Aarhyansh led her into an adjoining room. A solid door opened with a hiss and a rush of freezing cold air.
“We apologise for the chill but we have taken the doll apart in our exploration of its creation. Even in Winter, something like it will rot away.”
Living things took a long time to rot away in Winter but illum-born creatures weren’t as resilient on their own.
“Even with blessed Cares watching from above, it was a stroke of luck that you found the Flesh Doll when you did. A day, maybe two more, and it would have broken apart.”
Greenish-yellow jars lined shelves all around the darkened storeroom. The low light following them through the door showed Quistis the offal contents of the jars. It smelled like a butcher’s abattoir. She regretted the coffee.
“We do not believe you will get a second chance, Captain. It has taken great efforts, both of the Enginarium and of ourselves, to keep the remains from wasting away.”
A gas bubble floated slowly to the top of one of the jars and popped on the surface.
“And, one more thing, Captain.” The bastil put their hands together and looked at her with what passed for worry in their milk-white eyes. “We cannot protect you from what this other presence chooses to show you. It will not be allowed reach into you but once you establish contact, you will need to break it off on your own. We can do very little to aid you beyond facilitating your meeting and shielding your deep self.”
“Well, no time like the moment,” Quistis said and steeled herself for whatever was to come.
She blinked and was face to face with the ghostly white outline of a woman. It had appeared so suddenly that she flinched back in surprise. The bastil said nothing. They were letting out a slow murmur at her side, an oddly strained sound that seeped into her bones.
“Hello?”
“Hello,” the figure replied, its voice dead and distant. It looked around, wary and skittish, then at its hands as if it had never saw them before. “Where am I?”
“Can you tell me your name?”
The figure turned its gaze to her as if just now realising there was someone there. It raised a hand towards her. Quistis mimicked the gesture.
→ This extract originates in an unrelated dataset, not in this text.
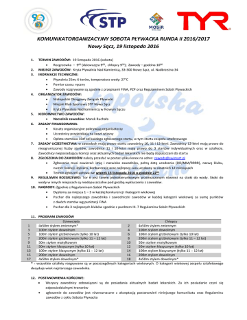 KOMUNIKATORGANIZACYJNY SOBOTA PŁYWACKA RUNDA II 2016/2017 Nowy Sącz, 19 listopada 2016 1. TERMIN ZAWODÓW: 19 listopada 2016 (sobota) Rozgrzewka – 900 (dziewczęta 900, chłopcy 930); Zawody – godzina 1000 2. MIEJSCE ZAWODÓW: Kryta Pływalnia Nad Kamienicą, 33-300 Nowy Sącz, ul. Nadbrzeżna 34 3. INORMACJE TECHNICZNE: Pływalnia 25m; 6 torów, temperatura wody: 27°C Pomiar czasu: ręczny Zawody rozgrywane są zgodnie z przepisami FINA, PZP oraz Regulaminem Sobót Pływackich 4. ORGANIZATOR ZAWODÓW: Małopolski Okręgowy Związek Pływacki Miejski Klub Sportowy STP Nowy Sącz Kryta Pływalnia Nad kamienicą w Nowym Sączu 5. KIEROWNICTWO ZAWODÓW: Naczelnik zawodów: Marek Ruchała 6. ZASADY FINANSOWANIA: Koszty organizacyjne pokrywają organizatorzy Uczestnicy przyjeżdżają na koszt własny Opłata startowa 10zł od każdego zgłoszonego startu, w tym startu zespołu sztafetowego 7. ZASADY UCZESTNICTWA: w zawodach mają prawo startu zawodnicy 10, 11 i 12-letni. Zawodnicy 12-letni mają prawo do nieograniczonej liczby startów, zawodnicy 11 i 10-letni mają prawo do 3 startów indywidualnych oraz w sztafecie. Zawodnicy nieposiadający licencji oraz aktualnych badań lekarskich nie będą dopuszczani do startu 8. ZGŁOSZENIA DO ZAWODÓW należy przesłać w postaci pliku lenex na adres: [email protected] Zgłoszenie musi zawierać: imię i nazwisko zawodnika, pełną datę urodzenia (DD/MM/RRRR), nazwę klubu, numer licencji, dystans, konkurencję oraz najlepszy czas uzyskany w ostatnich 12 miesiącach Termin zgłoszeń upływa we wtorek 15 listopada 2016 o godzinie 2200 9. REGULAMIN ROZGRZEWKI: Tor 6 jest torem jednokierunkowym przeznaczonym również na skoki do wody. Skoki do wody w innych miejscach są niedopuszczalne pod groźbą wykluczenia z zawodów. 10. NAGRODY: Zgodnie z Regulaminem Sobót Pływackich Dyplomy za miejsca 1 – 3 w każdej konkurencji i kategorii wiekowej Puchar dla najlepszego zawodnika i zawodniczki zawodów w każdej kategorii wiekowej za sumę punktów z dwóch startów wg punktacji FINA Puchar dla 3 najlepszych klubów zgodnie z punktem III. 7 Regulaminu Sobót Pływackich 11. PROGRAM ZAWODÓW Dziewczęta 1 4x50m stylem zmiennym* 2 3 100m stylem dowolnym 4 5 100m stylem grzbietowym (tylko 10 lat) 6 7 200m stylem grzbietowym (tylko 11 – 12 lat) 8 9 50m stylem motylkowym 10 11 50m stylem klasycznym (tylko 10 lat) 12 13 100m stylem klasycznym (tylko 11 – 12 lat) 14 15 200m stylem dowolnym 16 17 4x50m stylem dowolnym* 18 * - wszystkie sztafety rozgrywane są w poszczególnych kategoriach decyduje wiek najstarszego zawodnika. Chłopcy 4x50m stylem zmiennym 100m stylem dowolnym 100m stylem grzbietowym (tylko 10 lat) 200m stylem grzbietowym (tylko 11 – 12 lat) 50m stylem motylkowym 50m stylem klasycznym (tylko 10 lat) 100m stylem klasycznym (tylko 11 – 12 lat) 200m stylem dowolnym 4x50m stylem dowolnym* wiekowych. O kategorii wiekowej zespołu sztafetowego 12. POSTANOWIENIA KOŃCOWE: Wszyscy zawodnicy zobowiązani są do posiadania aktualnych badań lekarskich. Za ich posiadanie czyni się odpowiedzialnymi trenerów zgłoszenie do zawodów jest równoznaczne z akceptacją postanowień niniejszego komunikatu oraz Regulaminu zawodów z cyklu Sobota Pływacka
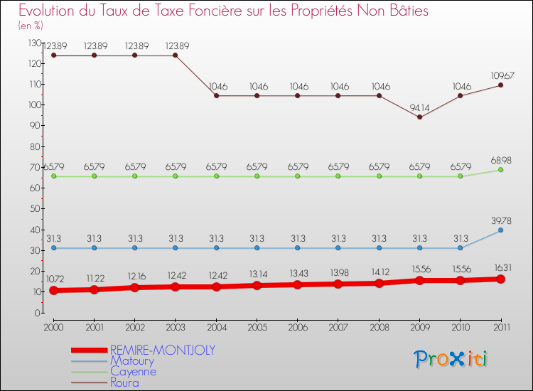 Pendant la même période, les communes françaises similaires à Remire-Montjoly, ont vu leur taux de taxe foncière sur le non bâti augmenter de 1 % en moyenne entre 2000 et 2011.

She tried not to, but a will stronger than her forced the movement.
Anger struck her when the tips of their fingers touched, like flies buzzing inside her head. Pain followed. Confusion. Fear…
“Who are you?” a shrill voice asked in her mind. It screamed its questions at her. “Where am I? What have you done to me?”
Quistis stood her ground against the assault of unhinged emotion. She would not be cowed by the echo of a monster. The room grew dark as she was drawn inward.
“I am Quistis Iluna, Captain to the Valen Storm Guard cell. And you are dead, whoever you are.”
Outrage!
“Do not dare threaten me!”
Jumbles of images poured into her. Scalpels and sutures, silent screams and crying eyes, more than a lifetime of inflicted suffering. It wanted her frighted.
It would eat shit before that happened.